Until these last few months where I now have a pastor who is pastoral. He listens to my fears and confusion and is helping me sort out the chaos my mind is in concerning my faith. I have kept the terror that was instilled in me concerning God and priests and these powers they have for a long time. I really seemed unable to figure out what was real and if God wanted me. I once loved my Faith but my church betrayed me. But having even one priest care enough to listen and help me is making such a huge difference. When I talk with my pastor I come away feeling like I have more truth. And I feel a sense of safety. My anxiety goes down and I am able to feel peace and once again enter into moments with God. Of course there is so much for me to unravel but the fact that my priest is willing to hear me and help me gives me a sense that a priest, who represents the church cares and Jesus cares. I have a wonderful therapist who has helped me enormously. However it was 2 priests who sexually and spiritually abused me. So there is a part of healing that needs a priest for me to have faith in my church and in my place before God.
And to add to that I experienced another priest hear me on my recent Retreat. During one of the activities we had hard foam bats and a big hard foam box we could hit and yell out our anger at our abusers. I yelled and banged that foam bat and swore at all the priests and Bishops of today that have hurt me when I began to have flashbacks. It felt great.
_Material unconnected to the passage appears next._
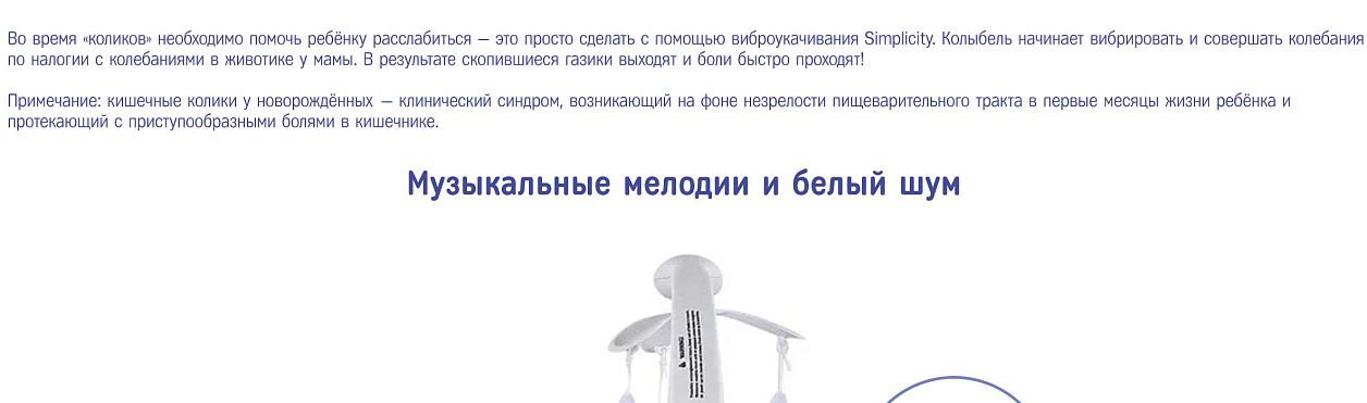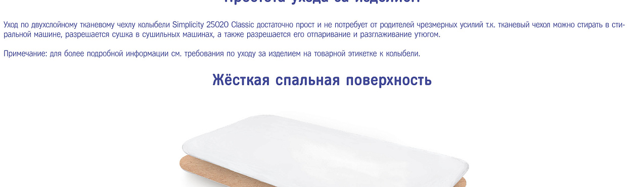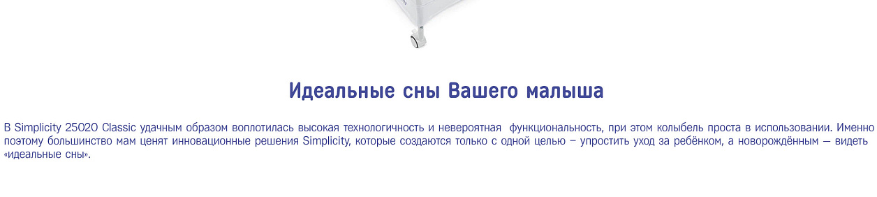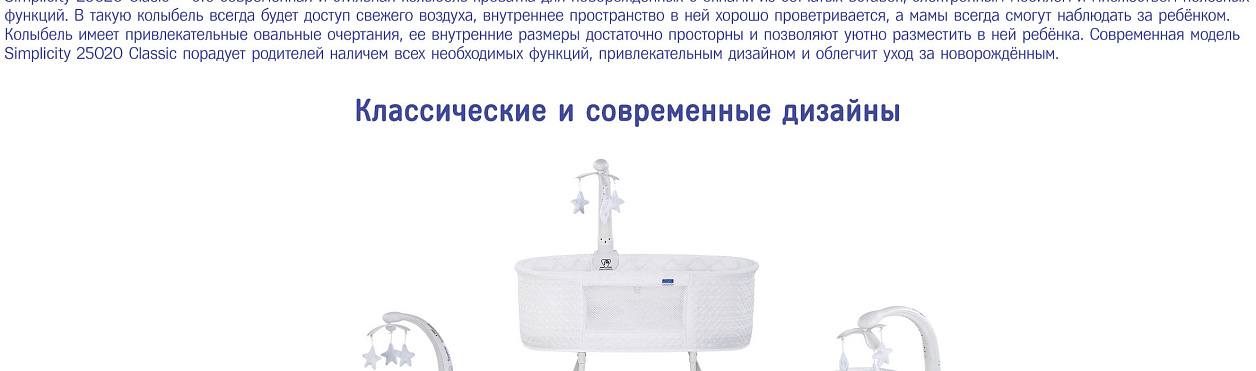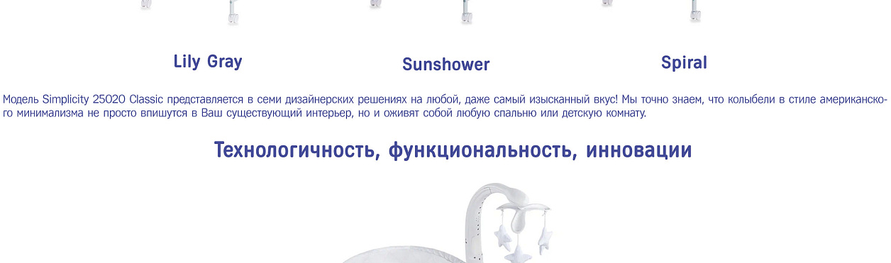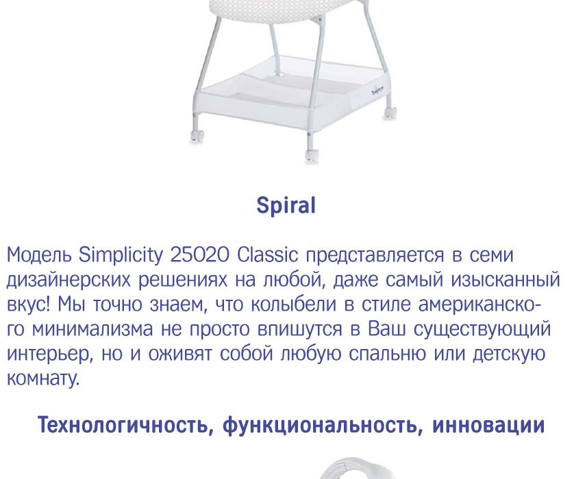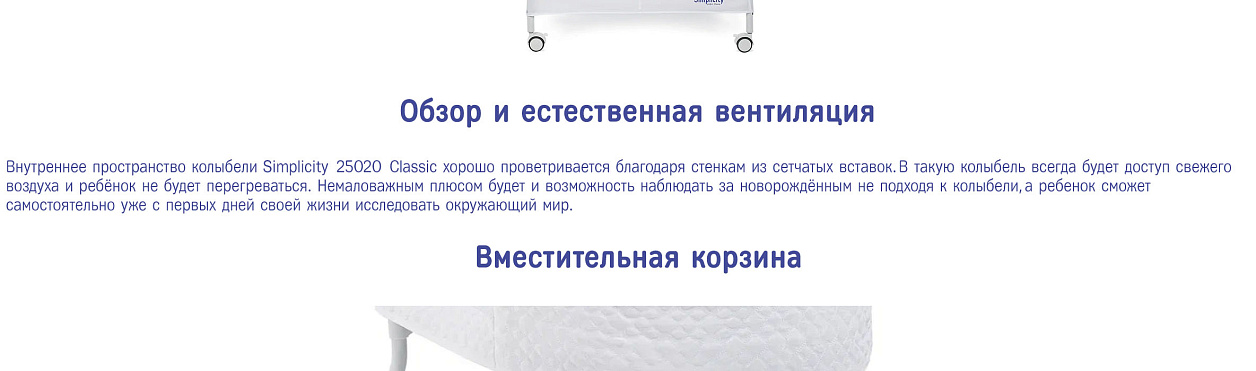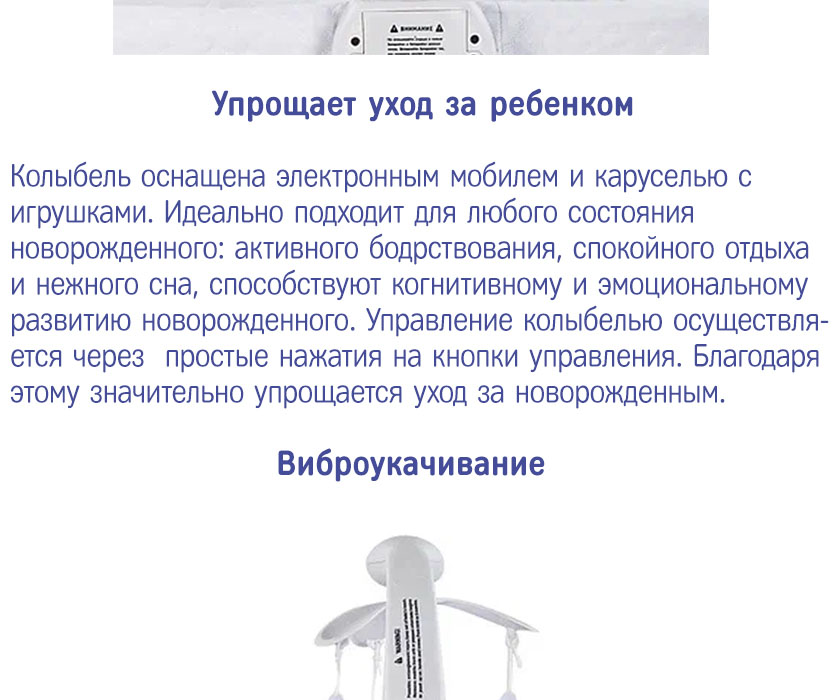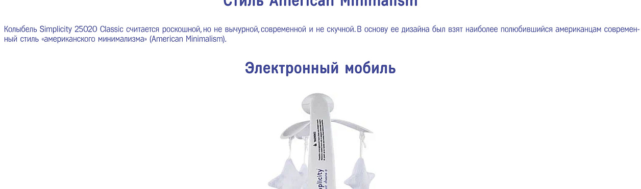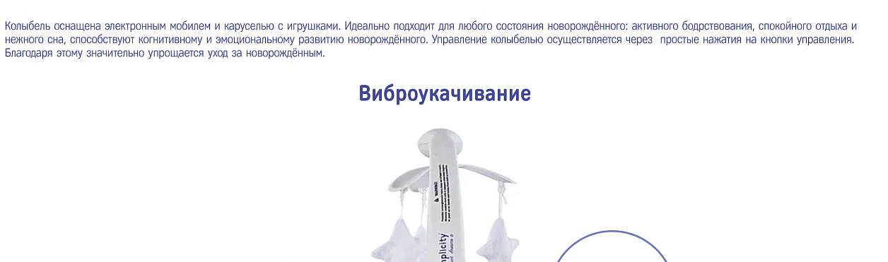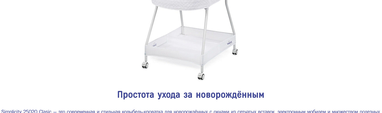 Среди преимуществ Simplicity 25020 Classic выделяется электронный мобиль с подвесными игрушками, совмещенный с блоком управления колыбелью. Мобиль работает от батареек и выполняет одновременно несколько функций: вращает карусель с подвесными мягкими игрушками, осуществляет музыкальное сопровождение с синхронно мерцающими огоньками, которые помогут успокоить или развлечь малыша, включает вибрацию и ночную подсветку. Вибромасс -

When I was done a priest stood up and asked me if he could take a few swings on my behalf at my abusers. I said yes. I’ve always felt such fear of them I couldn’t address them. He took a lot of big swings yelling at them for what they did to me. It took me by surprise and I watched him and realized someone was sticking up for me. And it was a game changer. I realize now that I can also get very angry at those abusers. I’m not alone. I’m home now and woke up this morning and swore at both those abusers. It felt great. It’s been years of being unheard and suddenly I have found 2 priests who have heard me. What a blessing they have been to me. And it makes such a difference in healing.